Give back exactly the lines of the data below, starting with the line that has "Estimula seu bebê" and going on through the line that has "읽어주고 함께 만드는".

(Beginning of Data excerpts)

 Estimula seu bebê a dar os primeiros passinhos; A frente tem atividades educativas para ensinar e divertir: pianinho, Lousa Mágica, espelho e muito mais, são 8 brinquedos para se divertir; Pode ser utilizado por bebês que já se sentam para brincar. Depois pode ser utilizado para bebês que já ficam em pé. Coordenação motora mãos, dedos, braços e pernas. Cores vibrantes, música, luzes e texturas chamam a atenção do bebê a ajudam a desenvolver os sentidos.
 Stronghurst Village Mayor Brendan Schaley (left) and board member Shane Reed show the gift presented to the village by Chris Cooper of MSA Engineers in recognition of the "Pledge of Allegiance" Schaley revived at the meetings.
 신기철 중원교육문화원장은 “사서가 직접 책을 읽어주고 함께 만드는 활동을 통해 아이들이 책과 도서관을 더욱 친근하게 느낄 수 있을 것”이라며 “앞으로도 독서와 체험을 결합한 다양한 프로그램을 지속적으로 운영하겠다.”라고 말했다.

(End of Data excerpts)
(Beginning of Data excerpts)

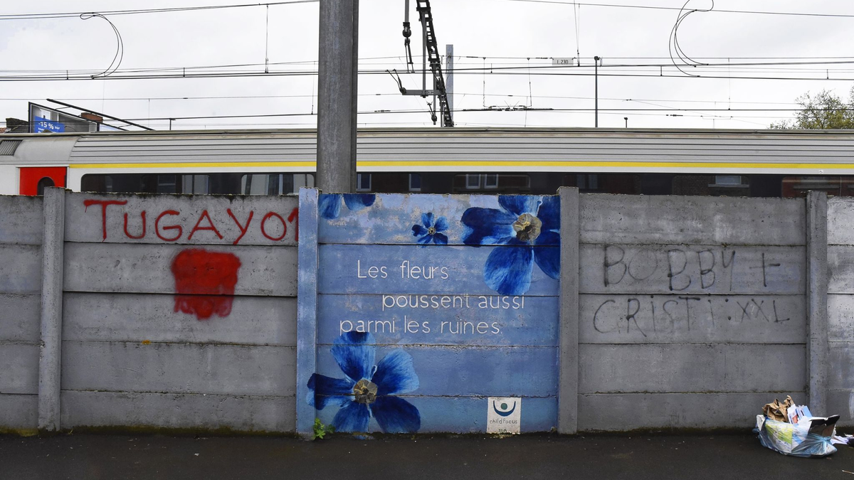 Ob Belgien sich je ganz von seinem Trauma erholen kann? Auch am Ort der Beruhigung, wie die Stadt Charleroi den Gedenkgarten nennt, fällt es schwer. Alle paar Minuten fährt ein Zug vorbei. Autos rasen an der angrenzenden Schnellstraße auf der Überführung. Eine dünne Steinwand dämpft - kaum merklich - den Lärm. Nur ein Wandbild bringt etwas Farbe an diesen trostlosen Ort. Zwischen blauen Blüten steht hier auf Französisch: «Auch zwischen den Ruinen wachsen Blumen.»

(End of Data excerpts)

* _Exercise output_
 Estimula seu bebê a dar os primeiros passinhos; A frente tem atividades educativas para ensinar e divertir: pianinho, Lousa Mágica, espelho e muito mais, são 8 brinquedos para se divertir; Pode ser utilizado por bebês que já se sentam para brincar. Depois pode ser utilizado para bebês que já ficam em pé. Coordenação motora mãos, dedos, braços e pernas. Cores vibrantes, música, luzes e texturas chamam a atenção do bebê a ajudam a desenvolver os sentidos.
 Stronghurst Village Mayor Brendan Schaley (left) and board member Shane Reed show the gift presented to the village by Chris Cooper of MSA Engineers in recognition of the "Pledge of Allegiance" Schaley revived at the meetings.
 신기철 중원교육문화원장은 “사서가 직접 책을 읽어주고 함께 만드는 활동을 통해 아이들이 책과 도서관을 더욱 친근하게 느낄 수 있을 것”이라며 “앞으로도 독서와 체험을 결합한 다양한 프로그램을 지속적으로 운영하겠다.”라고 말했다.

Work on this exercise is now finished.